A Comprehensive Summary of Data Import in R: From the Most User-Friendly to the Most Time-Saving
In this short article, I summarize different techniques in data import to R. A spectrum of approaches that trade-off speed vs convenience is presented for my readers to choose from.
Assuming the data files are all stored on Folder F:\BDMA\data\. The most user-friendly data import approach is an interactive method; that is, it allows you to open folders to locate the data file like a regular file-open operation. Make sure you notice a flashing window on the taskbar that invites you to choose the destination file.
Another you-import-what-you-see approach is through copy & paste.
Suppose you want ‘directly’ copy &paste from a spreasheet. read.table function can help. Copy the selected cells first.
And then go to R-Studio, paste the content inside the pair of quotation marks. Do not adjust anything in the content, e.g., spaces, blanks, returns. Just leave them as is.
df.name=read.table(text=c(“ID Ads Orders Leads Proved
1 265 454 245 Y
2 317 197 434 Y
3 322 478 416 Y
4 233 198 377 Y
5 365 364 193 Y
6 349 384 437 Y
7 331 203 331 N
8 237 133 443 N
9 229 312 445 N
Alternatively, use read.delim. Amazingly this one-line code gets you the same result.
When you have to run the same code numerous times, all the way from data import to analyses, and to results export, you want to avoid the manual work above. You want to select the chunk of code and click “run,” so they can take care of themselves while you can have a rest. Then you need to use the following syntax approaches.
The most common file type for R users is csv format. Excel can open a csv file as a regular spreadsheet file with a single worksheet. Suppose your data file is stored as F:\BDMA\data\my_data.csv. You can use the build-in function read.csv to import the file to R.
Note that I use “/“ in telling R the address/location of the data file, whereas the folders and files are described using “\” in Windows’ file manager. To avoid this nuisance, I usually select the file address and replace all “\” with “/” in R-Studio.
Another way to deal with the switch of slashes is to pre-designate the working directory where the data file is stored using the following code. where wd stands working directory.
You can use getwd() to check if the working directory is correctly set. Then
Accordingly, it is just a one-line code to export dataframe in your R-Studio back to a csv file using write.csv function.
write.csv(data.name, “new_file_name.csv”, row.names=F)
Make sure you have included the argument row.names=F; otherwise, you just add a useless column of row IDs to the file. And when you import from that file next time, a new row-ID column is added to the imported dataframe, which screws up your code where you cite variables by column IDs.

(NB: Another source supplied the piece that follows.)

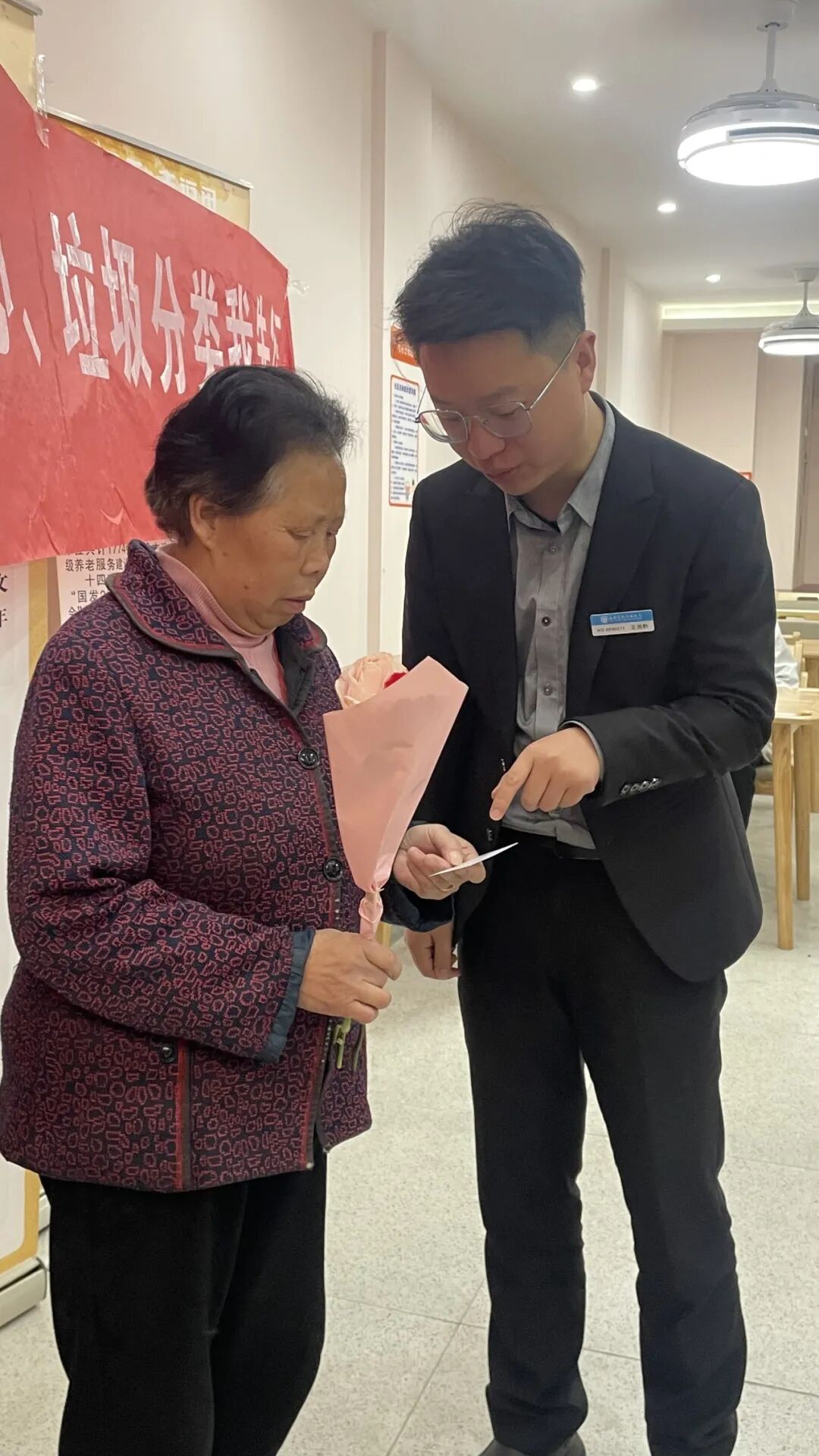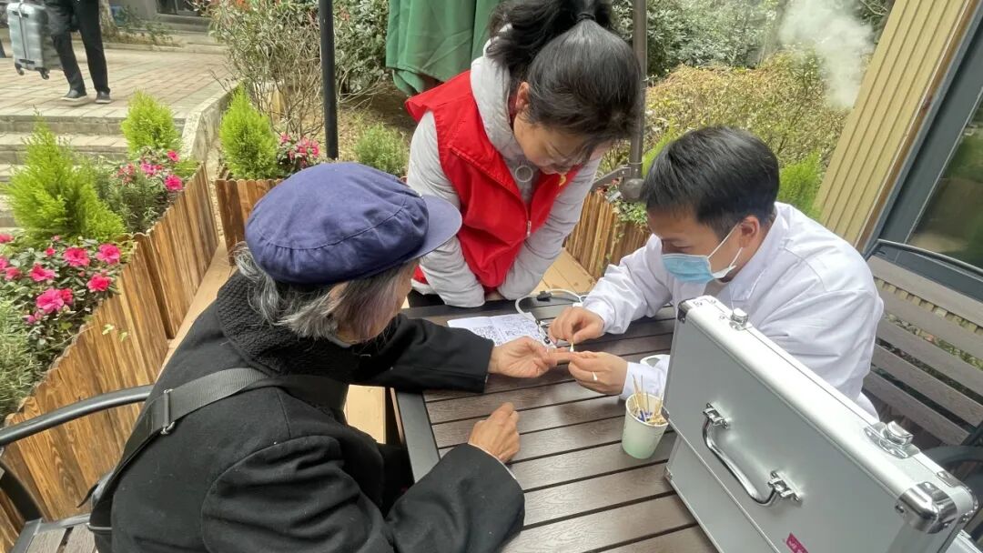 惠风和畅妍桃李,群芳竞秀抒风华。为庆祝“三·八”国际妇女节,增强女性自我保健意识,倡导健康生活方式,推广“医养结合”的社区居家养老服务模式,贵阳诚善助老观水路社区养老服务站、蟠桃宫社区养老服务站、红岩东郡社区养老服务站携手社区卫生服务中心、社区居委会、南明富民村镇银行举办“耆乐共聚,花样绽放” ——3·8妇女节义诊活动,以实际行动将医疗保健知识送进社区,将平安健康带到社区的老人身边,以温情送花的形式传达对社区妇女的美好祝愿。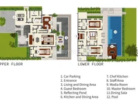 Las zonas al aire libre de esta villa ofrecen varios espacios para la relajación y el disfrute, incluyendo una terraza solitaria amueblada con una piscina reflectante y impresionantes vistas al mar, una terraza parcialmente sombreada con asientos, tumbonas y camas de día, y un pabellón de comedor al aire libre. También hay una mesa de tenis de mesa. La piscina infinita de 30 metros tiene una zona poco profunda para niños y un bar de baño, y más allá de la piscina es un enorme jardín que conduce a una playa serena.

Dropbox is a service that I enjoy storing data files. in a Dropbox folder I can use the Dropbox link to import data, completely avoiding those slashes. Dropbox generates a URL link similar to the one below.
To apply read.csv to Dropbox links, simply change the last character in the Dropbox link from 0 to 1.
df.name=read.csv(“https://www.dropbox.com/z/rs4j7617jlrsk1mu8of/my_data.csv?dl=1",header = T)
Zip files are conveinent to tranfer with compressed csv files. To import a zip file without unzipping it, we can use a package called readr and use user read_csv to read zipped data file.
If a zip file includes multiple csv files, and you don’t bother to unzip all of them, you can use the following code.
df.name = read.csv(unz(“zip_file.zip”, “my_data.csv”), header = T, fileEncoding=”UTF-16")
If we are dealing with Excel files such as xls and xlsx, there are several packages can help you. readxl is one of them. You need to install Java on your computer first to be able to use readxl. Once loaded, you can use read_excel function to import both xls and xlsx files.
For xlsx files, I recommend read.xlsx function in openxlsx package.
df.name=openxlsx::read.xlsx(“my_data.xlsx”, sheet = 1, skipEmptyRows = T)
I found read.xlsx cannot import xls files.
Regarding how to export dataframes to Excel, please refer to this article.
Huge csv files take long time to import. If you have a huge csv file and you cannot even open it in Excel, you can use fread function in data.table package, where “f” stands for “fast.”(no joking)
for a csv file that read.csv needs 4 minutes to import, fread takes about 14 seconds on my computer.
Accordingly, to export a large data file to a csv file, you can use fwrite.
Finally, some files are stored as JSON format, and this format is really beyond the scope of this article. A Google search of rjson package hopefully will give you what you are looking for.
# — — — — -
This article is devoted to my students who are suffering a headache from our first BDMA lecture. The second lecture is coming… Hope this article helps.